だから、とにかく演じる! 今まで恥ずかしがってた自分じゃないと思って変身するんよ。君の最大の壁は「自分があがり性や」と決めつけてしまっていること。「苦手です」と言葉にしたり、思い込んだ瞬間、実際に全身の筋肉が緊張しだし、身も心も苦手モードになってしまうんよね。

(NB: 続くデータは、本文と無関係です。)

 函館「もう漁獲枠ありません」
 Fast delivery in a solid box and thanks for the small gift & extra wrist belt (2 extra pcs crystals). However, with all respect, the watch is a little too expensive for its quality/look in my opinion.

コンビニだってメイドカフェだって、店に行って制服を来てアルバイトとして演じているから、決まったサービストークと笑顔ができる。つまり君も会社の営業のスタッフという役を演じて、どういうストーリーかを描き、どういうシナリオを書いて演じるか、自分で練習を重ねたり努力をする必要があるんよね。その努力をすると小さな自信が芽生えてくる。それで一回成功すると、自信の芽がぐっと伸びるから、後はどんどんその芽を伸ばせばいい。

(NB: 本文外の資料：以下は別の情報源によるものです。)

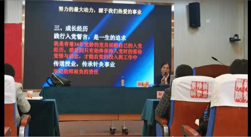 张露芬教授向师生们回顾自己在党和公司的培养教育下40余年的成长经历,尤其是实验针灸教研室的建立以及实验针灸学课程的开设历程。她说,践行入党誓言是一生的追求;传道授业传承针灸是一生的事业。她教导青年党员应该实事求是,尤其从事科学研究事业,要经的起挫折和磨练。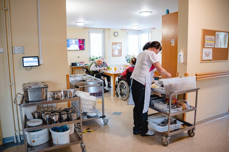 Tekom našega obiska smo ugotovili, da si oskrbovalke zares težko privoščijo odmor – pravzaprav na redni bazi druga drugo opozarjajo, da morajo dovolj piti, saj tudi za kozarec vode težko najdejo čas.

こんなによくしゃべる仕事をしている僕でも、初めての仕事は緊張するし、たとえ非日常じゃなくても緊張するんよ。僕は出たとこ勝負の生放送ばかりやから「うまくいくかな」と、毎回緊張してるんですよね。ミュージシャンだって、ライブは毎回ものすごく緊張して怖いって聞くからね。だから君だけやないんよね。
自分に集中する、そして緊張の空気を破る
緊張を抑える方法は、自分に集中すること。「人前に出たらみんなのことをじゃがいもと思え」とか、「人って字を手のひらに書いて呑み込め」って言うでしょ。それは外側のことに気を取られずに、自分自身に集中しろって意味なんよね。ここは居酒屋や、と思って人前に出るのもいい。居酒屋やったら周りを気にせずしゃべれるでしょう? 要はじゃがいもとか居酒屋とか、そう思おうとしている自分に神経を集中させればいいんよね。集中させる方法は人それぞれなんです。

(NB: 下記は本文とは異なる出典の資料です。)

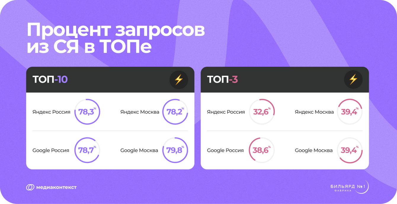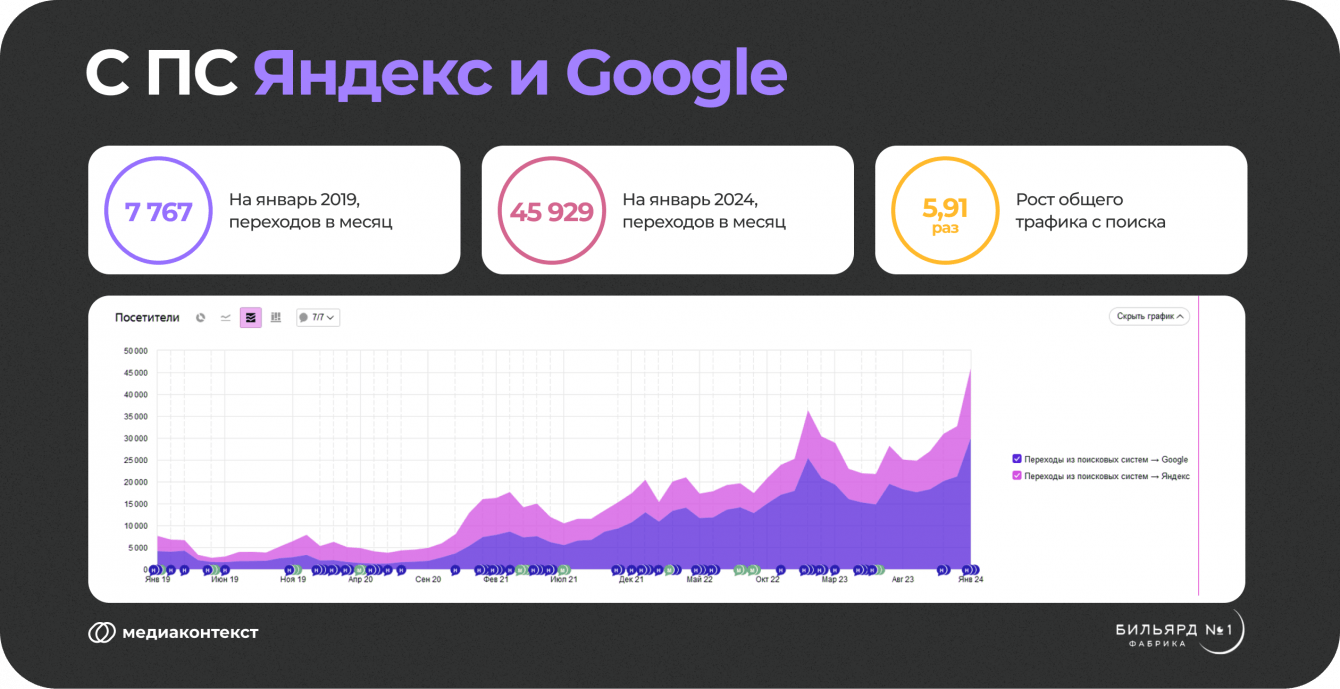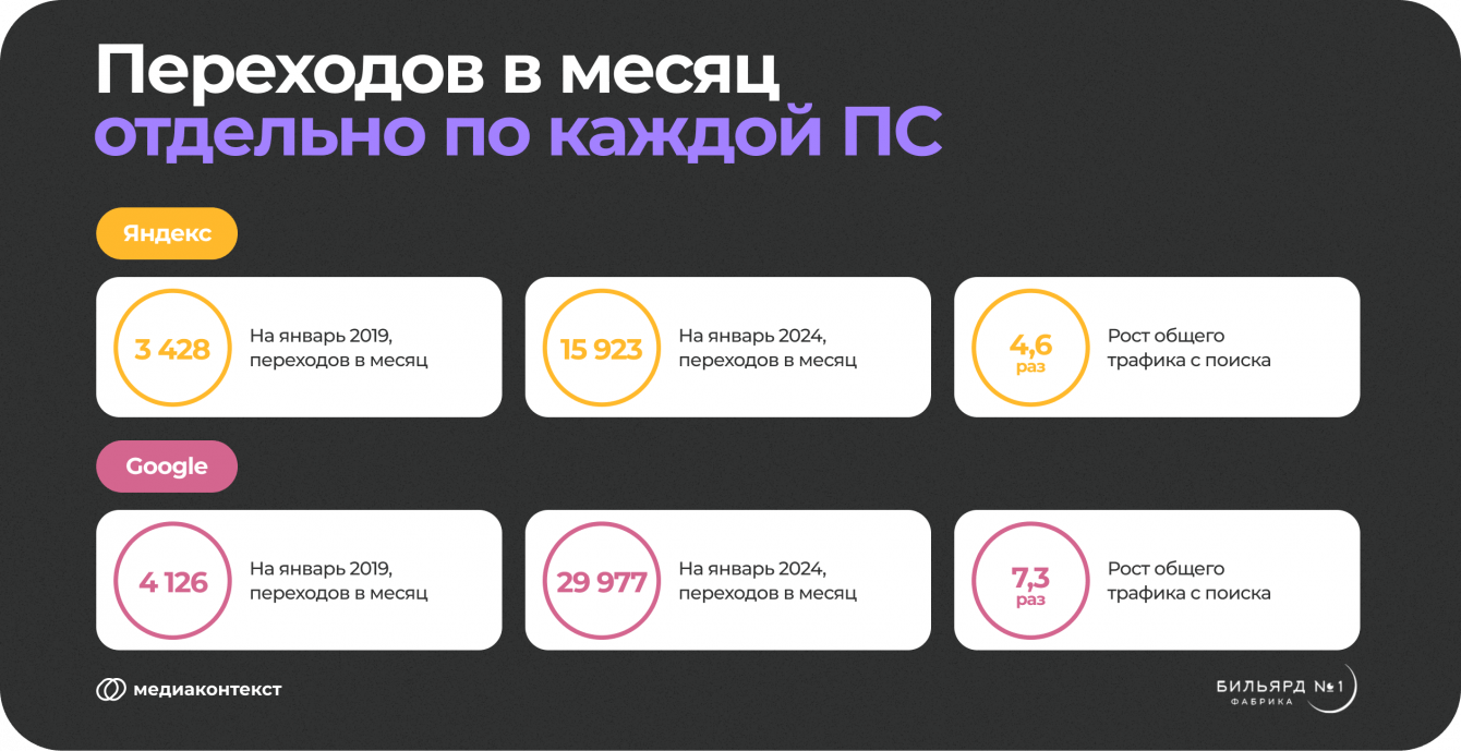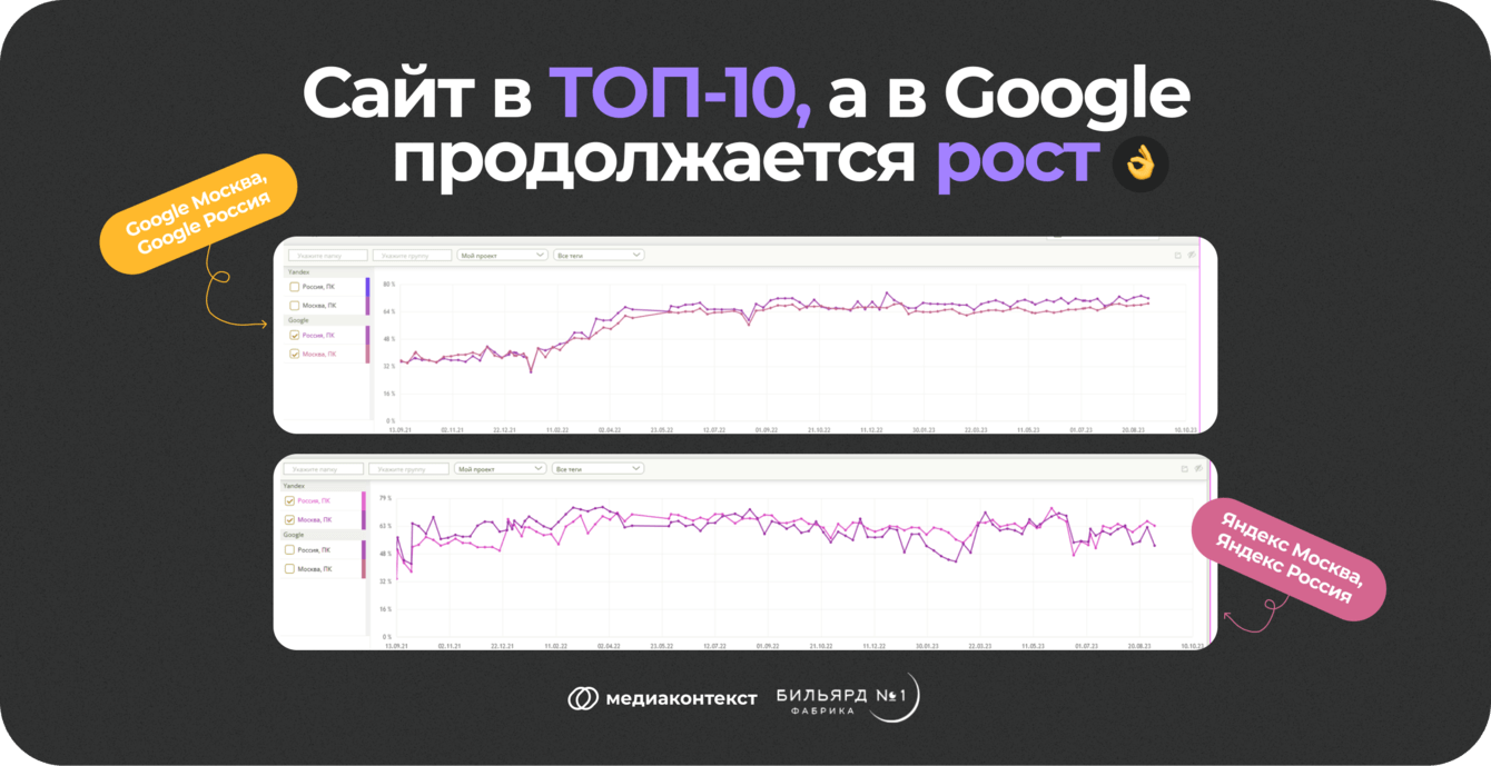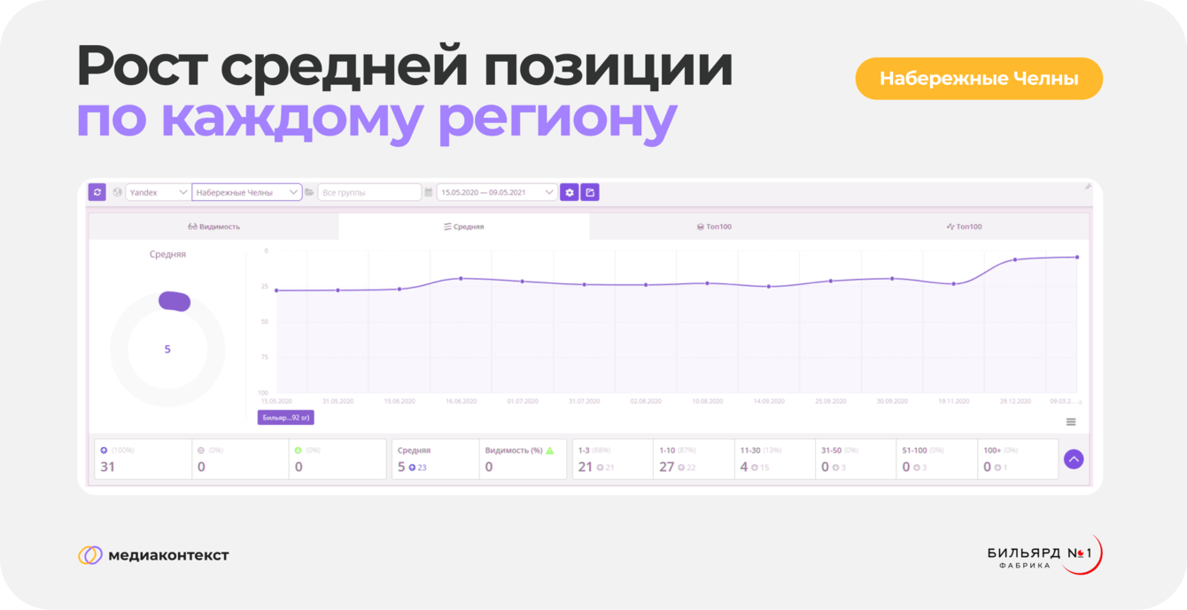 Клиенту были очень важны самые высокочастотные запросы из нашего семантического ядра по категориям «Бильярдные столы», «Бильярдные кии». В результате продвижения мы достигли таких результатов по поисковой системе Яндекс в регионе Москва:

あと「緊張の空気をぶち破る」って方法がある。例えば、高校球児のピッチャーが、大観衆の中でものすごく緊張してる甲子園での第一球目、たまにわざと初球をバックネットの上のほうに向かって大きく外して投げる。それを見た大観衆が「わーっ」って驚くことで、ある種の開き直りができて「観衆は自分のもの、こっちの勝ちや」と思えるようにする。それと同じで、硬くならないように、人と会ったときの第一声は「どうも!こんにちは!」って、大きい声でぶつかって、空気をぶち破る。それができれば、そのままのテンションをキープすることに集中すればいいと思うよ。苦手意識を取り除くというよりは、少しずつでいいから自信の芽を育てて、大きくなった自信で苦手意識を包んでしまえ〜!って感じやね。